0
votes

I have a "books" page that initially displays a list of books. I want users to be able to enter search text and then change the list of books that display. Doing this based on books already in embers data store (client side) is straight forward but what I want to do is perform the search server side. How can I do this?

So far I have the following in my ember controller

App.BooksIndexController = Ember.ArrayController.extend({
  search: '',
  actions: {
    query: function() {
      var search = this.get('search');
      var books = this.store.find('books', { search_text: search });
    }
  }
})

But I don't know what to do next.

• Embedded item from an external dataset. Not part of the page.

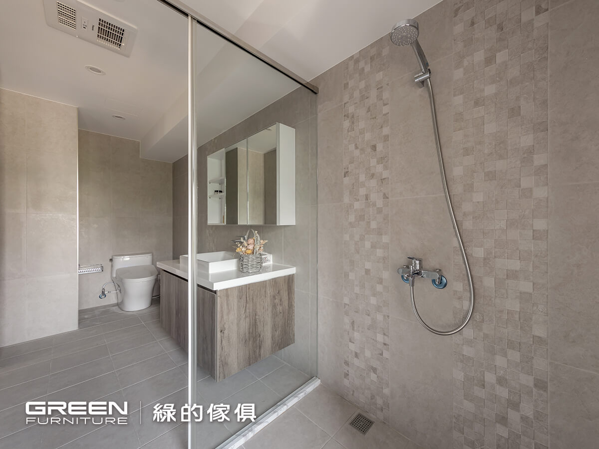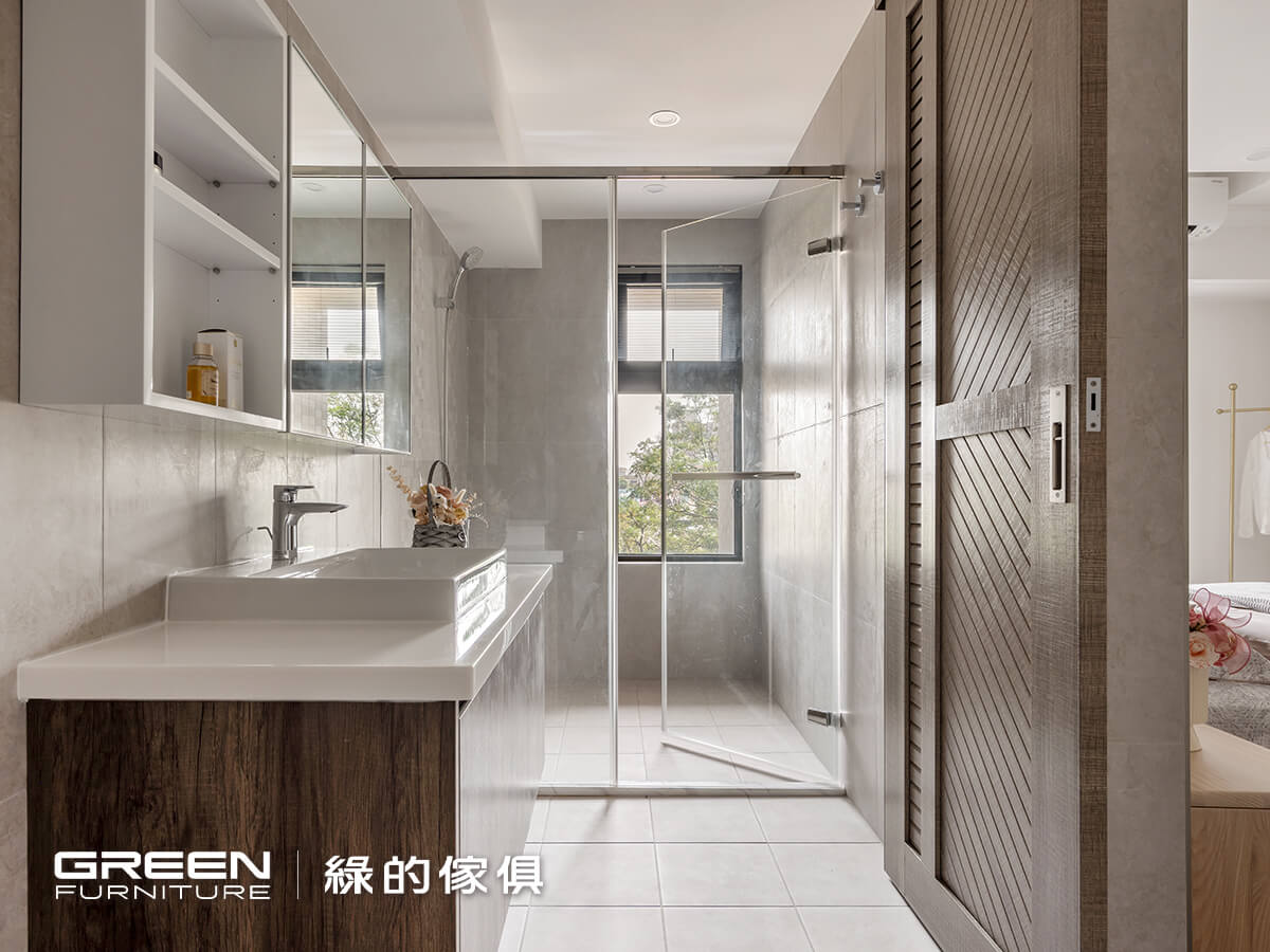 以淡雅的灰米色磁磚鋪陳整體空間,局部以細緻方格紋理做出層次變化,兼具簡約與質感。洗手台採懸空設計,搭配木紋櫃體與白色檯面,線條俐落、方便清潔;鏡櫃結合開放層架,滿足日常收納與展示需求。乾濕分離區以玻璃拉門界定,維持明亮採光與清爽視覺。整體色調柔和、材質細膩,讓衛浴空間在簡潔中多了份溫度與放鬆感。

How do I transition to the books list route with the books passed in? Or is there a more ember-ish way to do it, like creating a "search" route/controller/template and displaying the results on that page?

1
It can be done using query parameters. Look here: emberjs.com/guides/routing/query-params and one of the examples (that you can find on the bottom of the page; it's server-side sorting, but it's similar): jsbin.com/hiyalu - andrusieczko
@andrusieczko it sounds like I'm going about it in a non-ember way and that's why it's hard. I'll try adding the query param to the books list page and do the search there if it's present. - Dty
Good luck! ask if you need help with that - andrusieczko

1 Answers

0
votes

I just implemented this in my own app and it can be a bit tricky. First, you'll want to add an input field into your app for users to use to search and bind it to a property on your controller:

{{input value=search classNames='form-control' placeholder="Search books"}}

As you see above, it's bound to the search property of your controller and I've given it the default Bootstrap class form-control

Now, let's make a new computed property in your controller called books:

App.BooksIndexController = Ember.ArrayController.extend({
    ...
    books: function() {
        var model = this.get('model');
        var search = this.get('search');
        var current = 1;
        var books = model.filter(function(item) {
            var reg = '.*'+search.toLowerCase()+'.*';
            var name = item.get('name').toLowerCase();
            if(name.match(reg) && current < 20) { 
                current++;
                return true; 
            }
        });
        return books;
    }.property('search','model.length')
    ...
});

What this does it get all your items for you model and checks to see if the name property matches the name of any of the books in the model. You can change which property it matches or add new ones as you like. I don't like all the matched items being returned at once, so I add a limit with current so that only the first 20 matches are returned. You can remove this if you like. Doing it this way means you'll automatically display items that match that's already in the store.

Now, update your template so it iterates over books instead of model or some such stuff:

{{#each book in books}}
   // do stuff with each book
{{/each}}

This is great you say! Now you're filtering all your books as you type because the books property will be updated whenever search is modified, but now you need to fetch new items from your API. We do this with another computer property:

searchApi:function() {
    var search = this.get('search');
    var books = this.store.find('books',{search_text: search});
    var model = this.get('model');
    books.then(function() {           //  In my tests, this isn't
        model.addObjects(books);      //  actually necessary, bit I still
    });                               //  like to keep it for clearness
}.observes('search').on('init')

This will trigger a search of your API whenever the search field is modified as well. Any matched items are then added to the model. That's why we added model.length to the books computed property. Any matched items will be added to the model and increase its length, triggering books to be updated again.

That should be everything you need. No new routes or controllers, just do it right in the index. If anyone has a cleaner approach to this, I'd love to see it!